In conclusion, musculoskeletal pain is a definite issue with a high risk, physically demanding career such as dentistry. So we decided to design a smart wearable device called posture leader to tackle the issue among dentists.
Posture Leader is comprised of three parts:

The first part is the wearable device which has two high precision motion sensor chips that record dental professional’s posture, to monitor and analyze their postural habits. By using machine learning and gesture recognition, we have been able to accurately capture posture movements and detect improper postures in dental professionals. The Artificial Intelligence powers the detection system and updates the database according to users’ performance and feedback. The product is designed to prevent common work-related musculoskeletal disorders in dental professionals by informing them about their frequent harmful postures. 

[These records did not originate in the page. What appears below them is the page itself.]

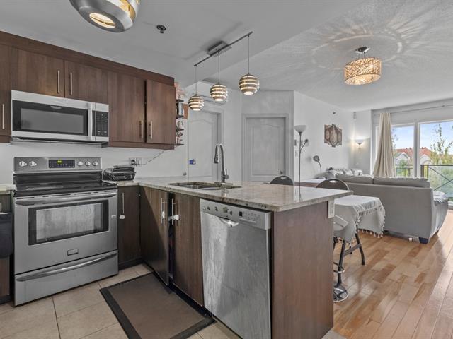Superb 2-bedroom condo located in Nouveau Saint-Laurent! Offering an open-concept living space between the living room and the dining room, this bright unit benefits from an unobstructed view to the rear and optimal sunlight. The condo includes indoor parking, storage space, and appliances. The building offers a modern gym and a magnificent rooftop terrace. Prime location, close to all services, with quick access to major highways and just minutes from the Bois-Franc REM station. (50024952)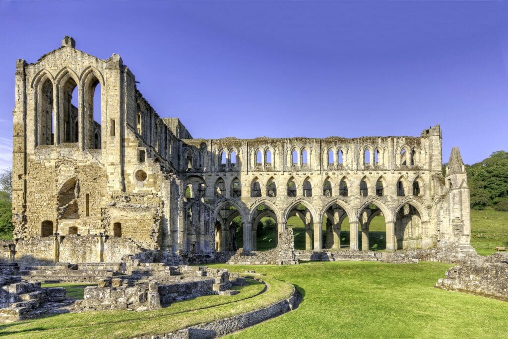 In contrast, look at Rievaulx today. It is a pretty ruin in its valley, and much shrunk since the stones that went to erect it were used in making the secular structures that now litter that particular landscape.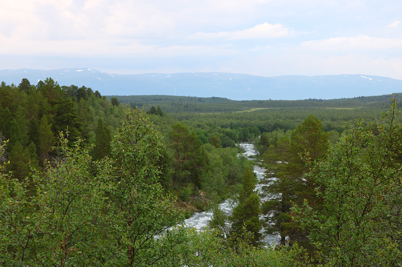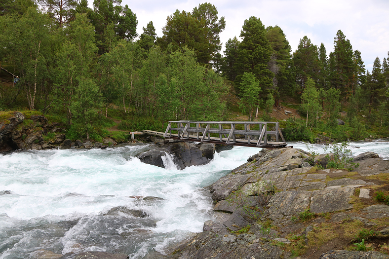 Framme vid Kårsafallen där det var drag. 😉 En gångbro tog mig över vattendraget och upp på en höjd där spår av renar syntes.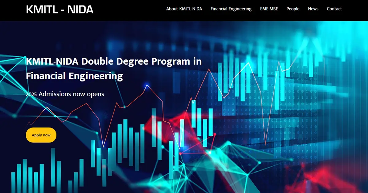 KMITL-NIDA Double Degree Program in Financial Engineering is a combined Bachelor’s and Master’s degree program jointly offered by Faculty of Engineering, King Mongkut’s Institute of Technology Ladkrabang, and School of Development Economics, National Institute of Development Administration. The program intends to train a new generation of financial engineers who have a strong foundation in the theories of economics and finance, mathematical methods for quantitative data analysis, and computer programming and technologies that are useful in finance, and are capable of integrating and utilizing all those knowledge and skills in order to solve complex financial problems faced by organizations in these days. The graduates are expected to be able to skillfully analyze huge amount financial data to support the planning of the firm’s investment strategies and the management of risks and be able to design financial tools, products, and innovations that meet the needs of the industry. The program also aims to train its students to be ready to work confidently in the international environment with integrity and professional ethics.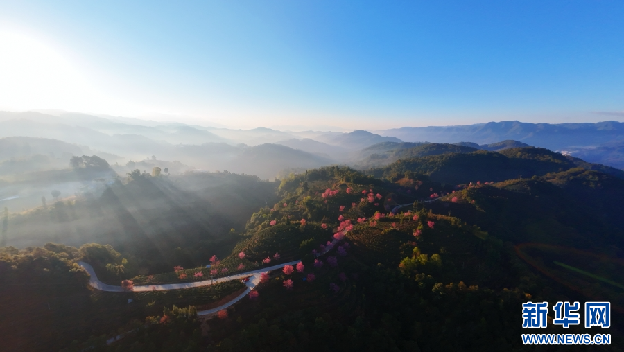 盛开的冬樱花将茶园装点得如诗如画(2025年12月31日摄)。新华网发(刘子安 摄)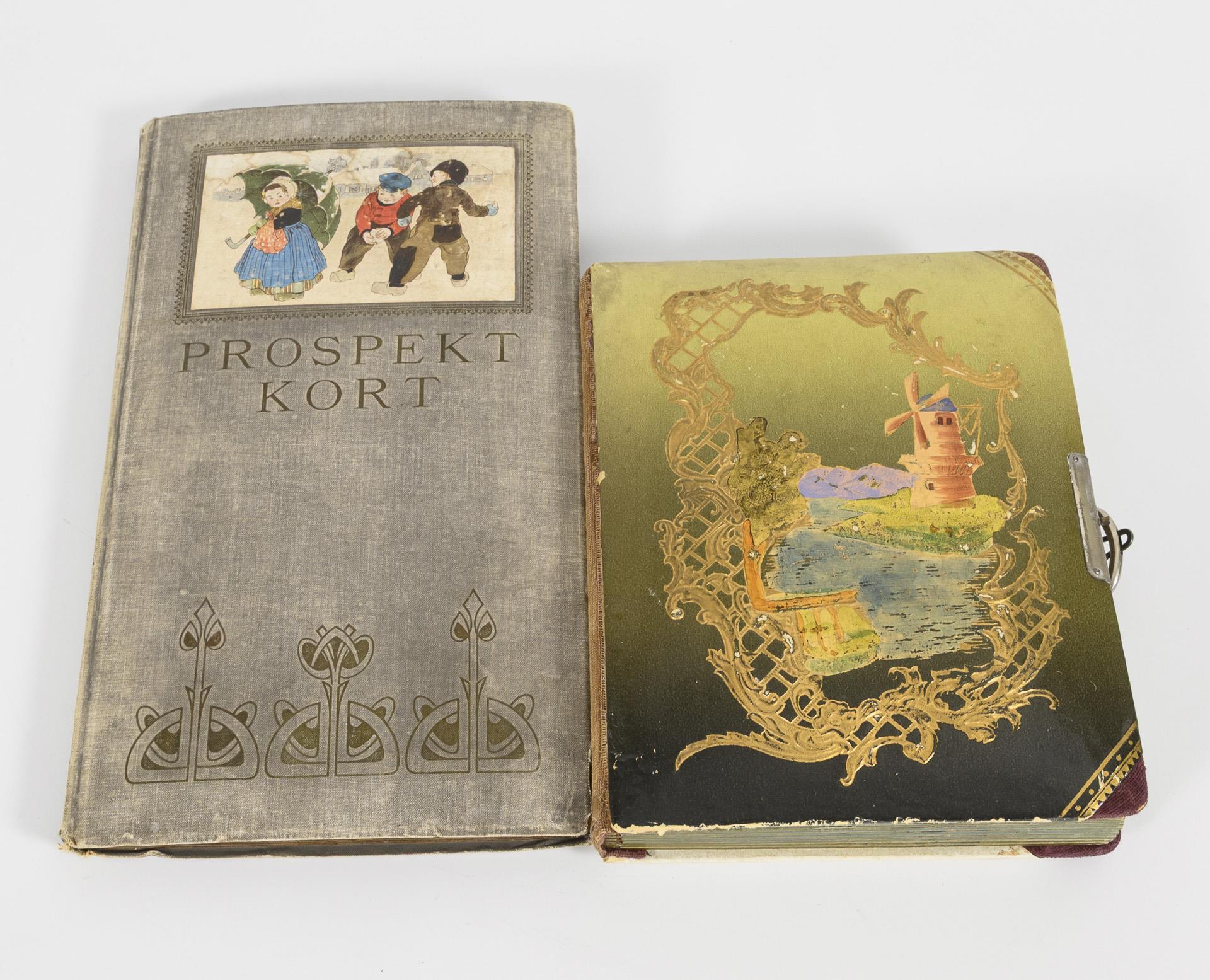 Album mit ca. 104 Ansichtskarten, darunter dänische Trachtendarstellungen und gestellte Spielszenen mit Käthe-Kruse-Puppen, aus den 50/60er Jahren, im grauen "Prospekt Kort" Album, 34 x 19 cm.

Furthermore, after analyzing the data, the Artificial Intelligence will provide the user with tailored exercises to help strengthen and repair their postures. The wearable device is made from high-quality material and can be worn underneath clothing. A PCB along with the Wi-Fi/Bluetooth module and the sensor chip are inside a custom-built container which can be seen in figure. 

Mobile App

The last part is the mobile application which has been developed specifically for dental professionals. It is easy to use and features real-time display of posture changes. When deviating from the correct posture for specific dental procedures, both the device and the cellphone will vibrate to notify the users of their poor posture. The app is customizable so that the user can change some of its features to better suit their needs.  It will also log user’s posture throughout the day, gives corrective daily exercises for the neck and back based on recent postures and suggests healthier functionally equivalent postures. 

Chair Position Sensor

The second part is the sensor chip that is attached to the users’ chair. This sensor will provide the standard sitting position for the user which depends on the selected tooth and operation. Deviating from the standard sitting position results in harmful postures since the dental professional will need to extend his/her reach, and/or acquire poor posture. The device will vibrate to notify the user about poor positioning of the chair.